Darkstone42
Oh.
"theories" don't win pennants. If you want to claim ERA doesn't matter than go ahead , but it's only irrelevant in your QS theory. ERA is all that matters and all these stats these days are meant to try to out do the ERA stat. It hasn't worked yet. Further , if anyone is measuring a starter it better be from 7 inn. on becuz if a guy can't do that the measurement is "failure"". In todays game we see at least 4 pitchers a nite for each side which is downright embarrassing to the game. If you wanna go by your stat as the end all that's fine , but there's a lot more to measure than that.

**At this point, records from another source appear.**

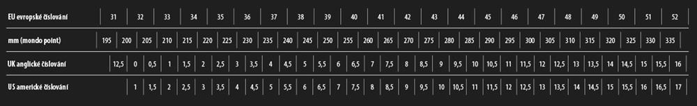 • MM: Metrický systém (mondopoint) udává délku chodidla v milimetrech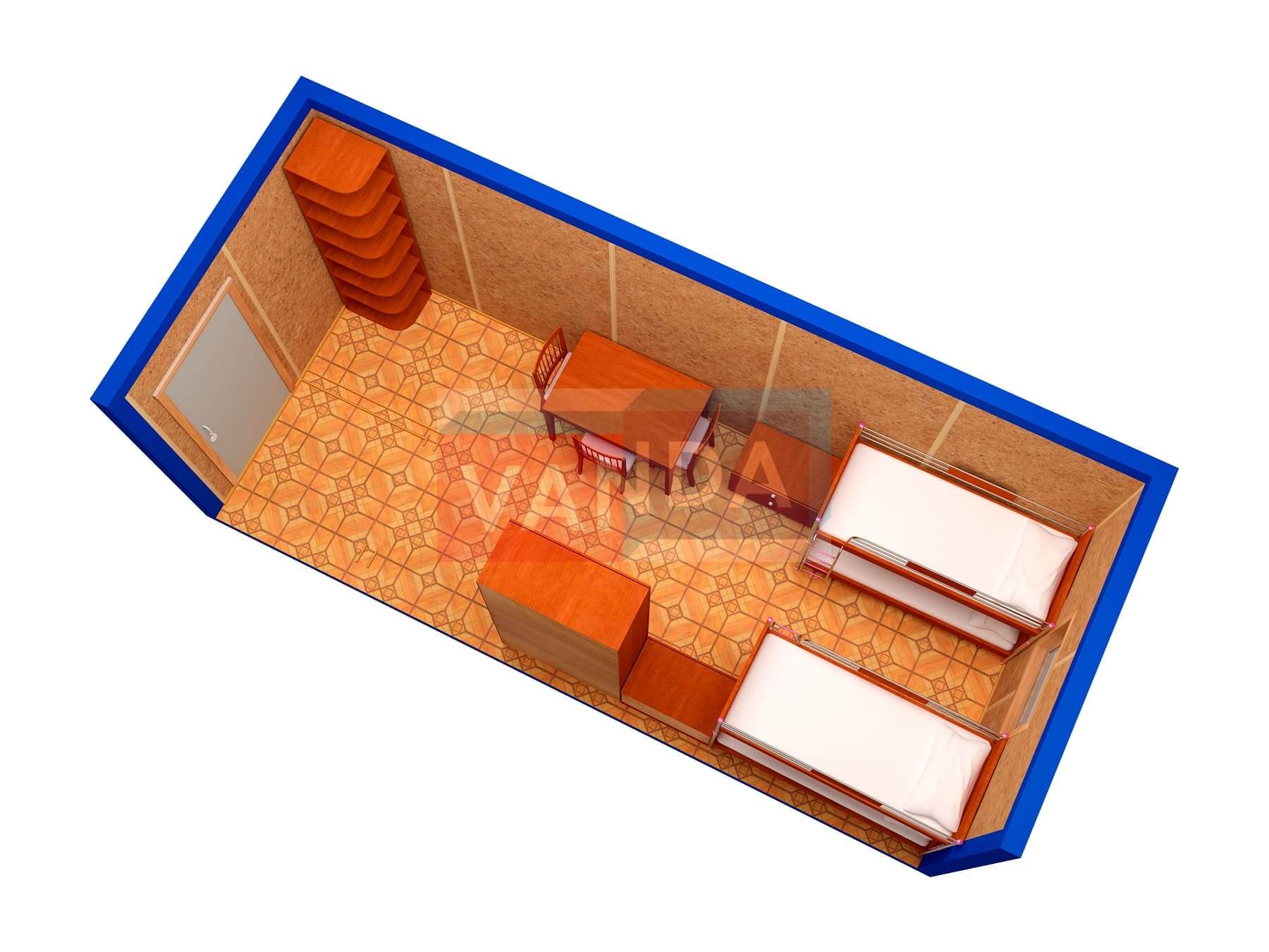Строительная бытовка со сборкой на месте №4 (вариант 3) 5.8x2.2 12.76 Вагонка деревянная Имитация бруса 140 500 р. Уточняйте у менеджера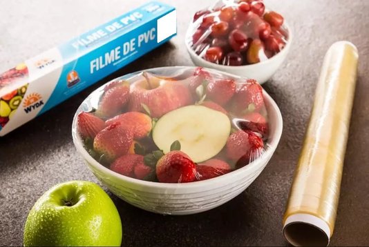O filme PVC é uma fina película plástica levemente elástica e aderente em superfícies lisas. É utilizado para proteger e conservar alimentos, aumentando assim sua durabilidade.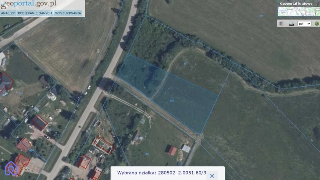 Przedmiotowa działka oznaczona jest numerem ewidencyjnym nr 60/3 z obrębu 0051 . Nieruchomość posiada lekko nachylone ukształtowanie zapewniające jeszcze piękniejsze widoki. Obecnie jest częściowo zadrzewiona i porośnięta roślinnością. Znajduje się bezpośrednio przy drodze asfaltowej powiatowej, co ułatwia komfortowy dojazd przez cały rok. To doskonała inwestycja ze względu na to, iż działka umożliwia podział na mniejsze, wygodne do zagospodarowania parcele, a więc istnieje możliwość dostosowania tego terenu do różnych celów.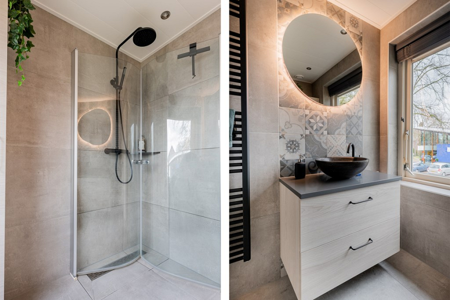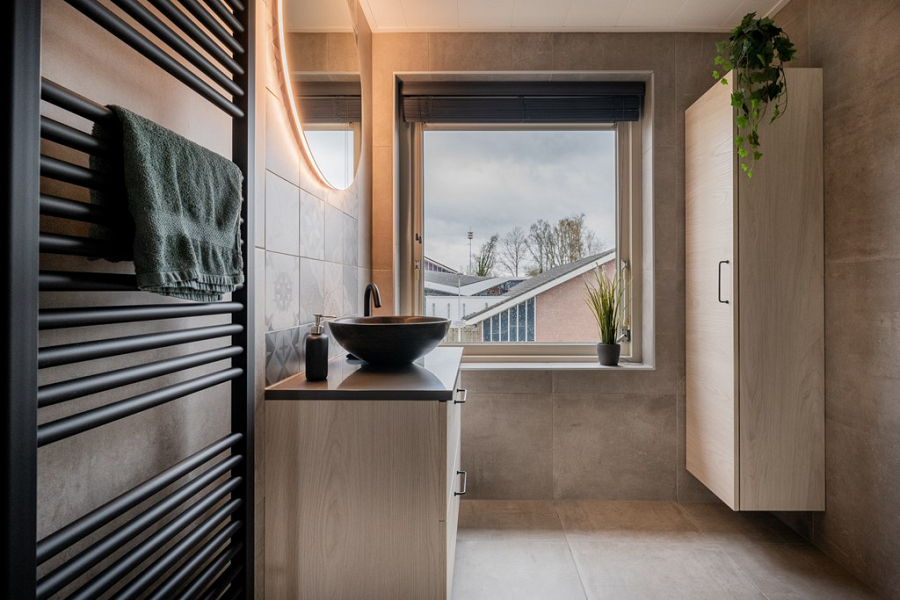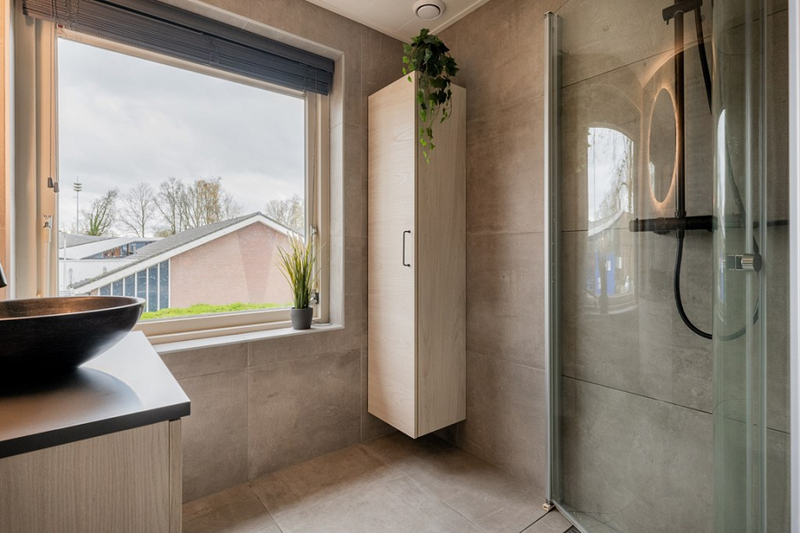Terug naar de hal, gaan wij via de trapopgang naar de eerste verdieping. We komen uit op de overloop, welke toegang geeft aan de 3 slaapkamers en de moderne badkamer. De badkamer is net vorig jaar vernieuwd en voorzien van een inloopdouche, wastafel met meubel, verlaagd plafond met spotjes en een verwarmde spiegel.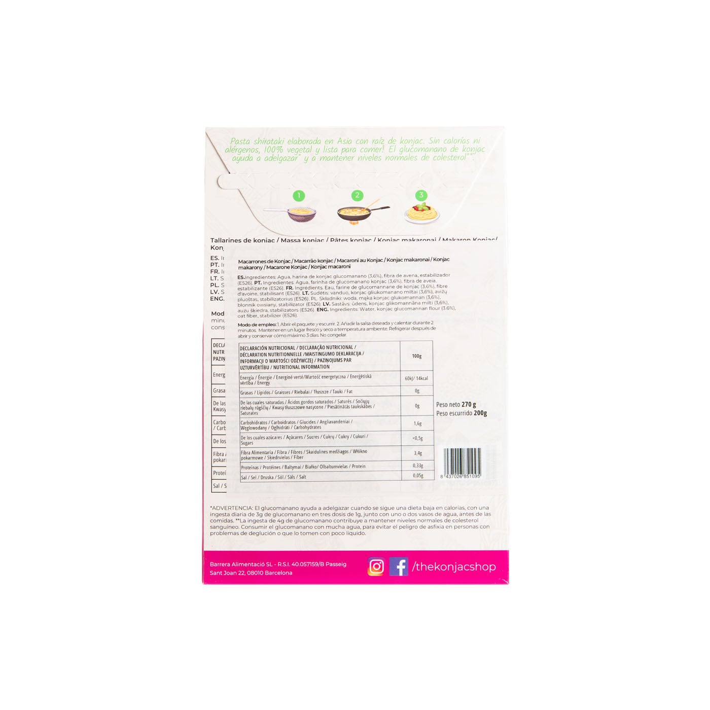 Los Macarrones de konjac de The Konjac Shop son los sustitutos perfectos de los macarrones tradicionales. Su textura es muy parecida y podrás comer pasta independientemente de tu dieta (adelgazamiento, keto, diabetes, vegana, dukan, hipocalórica, etc.)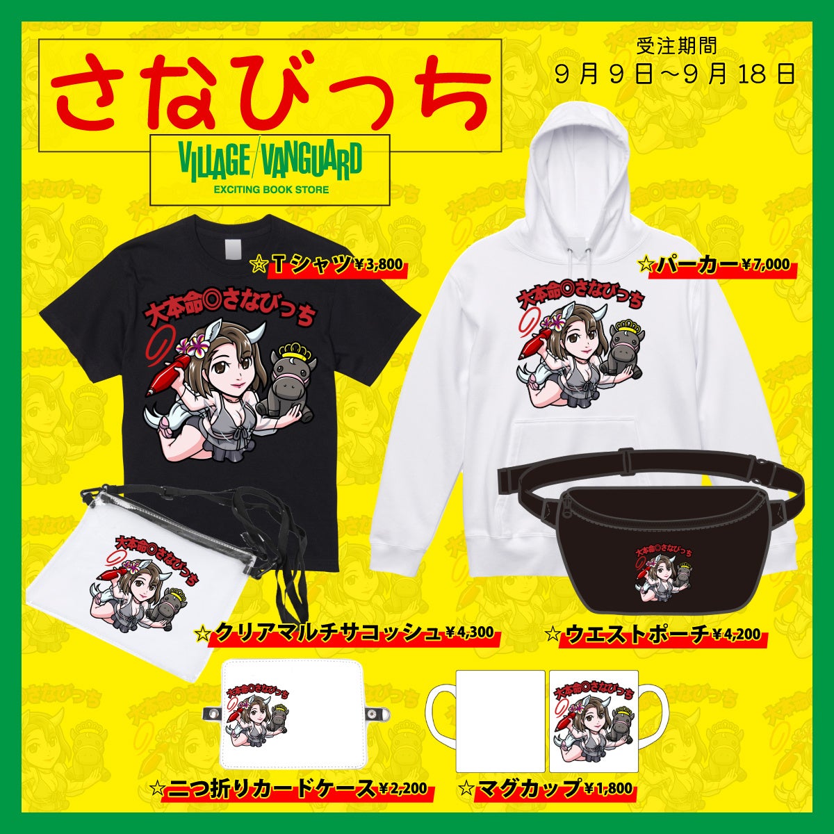 2022年9月9日(金)より、競馬YouTuber【さなびっち】のヴィレッジヴァンガード限定グッズがオンラインストアにて完全受注販売決定!さなびっちさん自身のこだわりもつまった今回のグッズをぜひゲットしてください!期間限定なのでお見逃しなく〜!!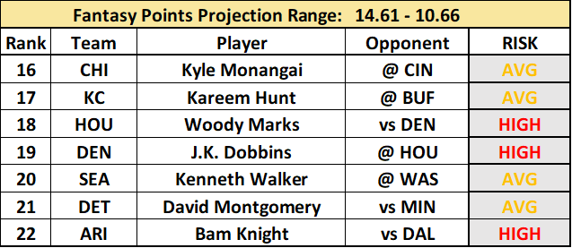 | 17 | DEN | J.K. Dobbins | @ HOU | HIGH |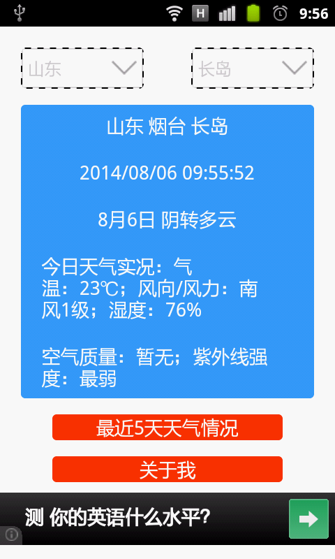 This application supports China's provinces and cities and counties weather forecast, supports a variety of phone resolution, tablet support 800X1280 Resolution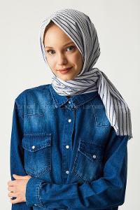 Modalamelif Beyaz Mavi Çizgili Pamuk Şal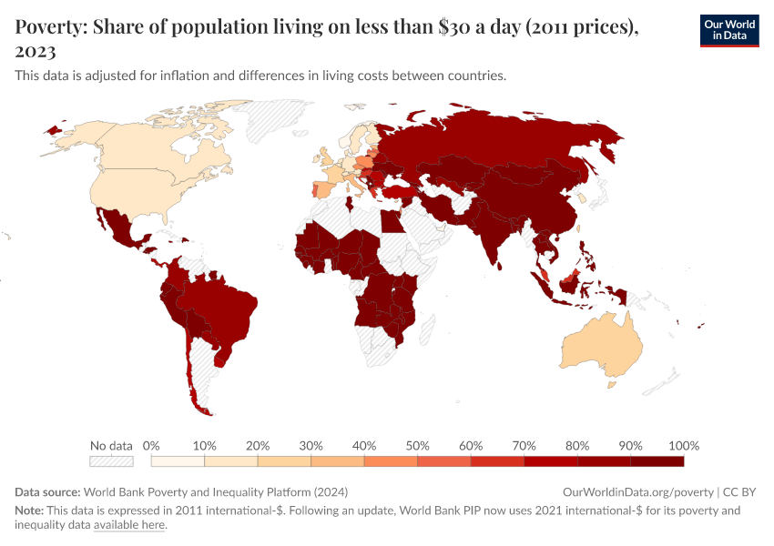 “Data Page: Poverty: Share of population living on less than $30 a day (2011 prices)”, part of the following publication: Joe Hasell, Bertha Rohenkohl, Pablo Arriagada, Esteban Ortiz-Ospina, and Max Roser (2022) - “Poverty”. Data adapted from World Bank Poverty and Inequality Platform. Retrieved from https://style-labor-employmentrate-c.owid.pages.dev:8789/20251022-091218/grapher/poverty-share-on-less-than-30-per-day-2011-ppp.html [online resource] (archived on October 22, 2025).How to cite this data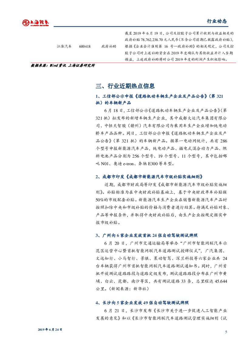 上海证券:汽车行业周报:广州、长沙相继发放自动驾驶测试牌照.pdf
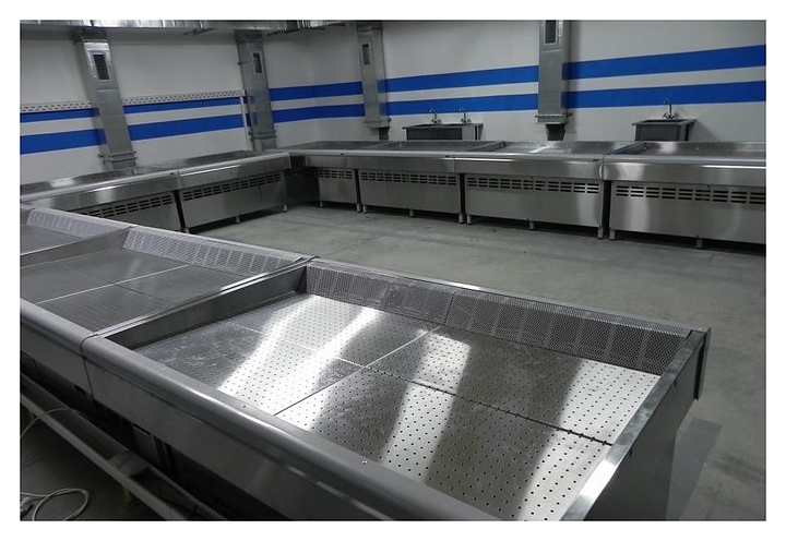 Холодильная витрина Lida Fish V1 (1200х1000х950 мм) используется на предприятиях общественного питания и торговли для кратковременного хранения и предпродажной демонстрации охлажденной рыбы и других морепродуктов на льду. Модель прямоугольно ориентированной формы оснащена фирменным испарителем и герметичной ванной. Корпус и ванна выполнены из высококачественной нержавеющей стали, устойчивой к соленой среде, теплоизоляция – из пенополиуретана высокой плотности. Комплектация: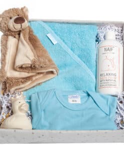 Het “Little Bear” kraamcadeau zit boordevol luxe producten! Een heerlijk zacht badcape in blauw kleur en een blauw rompertje. Lekker badderen met de badeend Ducky en een heerlijke natuurlijk Badschuim van Naif en daarna lekker slapen met knuffeldoekje Baggio van Happy Horse dat een heerlijke kroeldoekje is en super zacht!
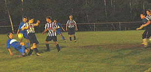 Ikiz Cemil, Tolla Vor dem Spiel war klar: beide Mannschaften mußten jeweils mit mindestens 2 Differenz Toren gewinnen, um an Türkspor Beerfelden vorbeizuziehen und damit in der Kreisliga spielen zu können. Es wurde eine gute und schnelle Begegnung. Zumindest in der 1. Hälfte bestimmte die JSG LW/Seckm/Haing das Geschehen auf dem Platz und erspielte sich ein halbes Dutzend hochkarätiger Torchancen. Der Gast ging nach einem Eckball mit 0:1 in Führung (10.). Trotzdem dauerte es bis zur 29.Minute ehe Ikiz der verdiente Ausgleich gelang. Vorangegangen war ein starkes Solo von Hillerich. Nach der Pause gestaltete die JSG Neustadt/Rimh/Breitenbrunn die Partie offener und ging wiederum in Führung (65./HE). Mit einer Energieleistung stellte Tolla in der 74. Minute den Ausgleich her. Obwohl beide Teams noch die eine oder andere Möglichkeit zur Resultatsverbesserung besaßen blieb es am Ende bei dem für beide Mannschaften unbefriedigenden 2:2. ![]() Martin Krauss (re) von der JSG LW/Seckm/Haingr ![]() Spielszene vor dem Tor der Gäste |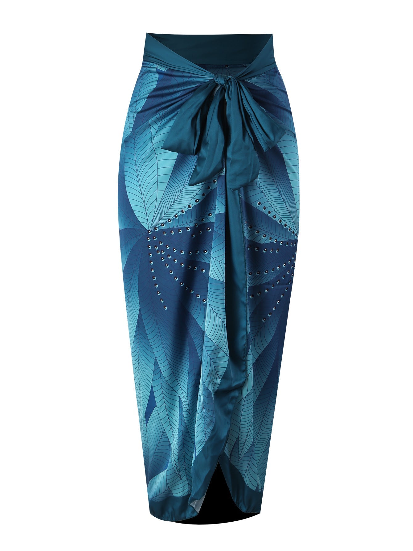 Lonkey French One Piece Two Piece Set Swimsuit Leaf Printed Sheath Dress Conservative Halter Swimsuit Women

I don't find increased bullpen usage embarrassing. It's optimizing. Often, a mediocre reliever for one inning gives you a better chance to prevent runs than a good starting pitcher seeing the lineup for the third time. There are a lot of numbers which support this. The teams should be trying to win, and using your bullpen helps you win.
Honestly, a fully optimized approach may actually be to pull your starter after four or five so he only sees the lineup once or twice. The nice side of this is that you can use the starter sooner, especially if he was efficient, so with the Dodgers, for example, they'd get to send Kershaw out there for 4 or 5 innings (depending on his efficiency) every three days instead of every five, using other starters to fill in for two or three innings at a time. Now you're taking away basically half of the game for your opponent every three days, throwing other quality arms most of the rest of the time, too.
But you'd need to build your staff to do it, and most staffs aren't built to do it. We're not going to see that approach anytime soon.
But even if we get to that point, it's not "an embarrassment to the game" if it makes pitchers more effective and gives the teams employing the strategy a better chance to win the game. It's good strategy, good coaching, and playing to win, which is exactly what teams should be doing.
The best way to think of a QS is:
assuming your offense scores 4 runs(this is a fair assumption using historical numbers), do you leave the game with the lead
After all, you need to have the lead for your team to get the win...
The downside is that you're ignoring current run environments in favor of historical ones. A team in the modern game who scores 4 R/G is much better offensively relative to the league than one who scored 4 R/G in the early 2000s.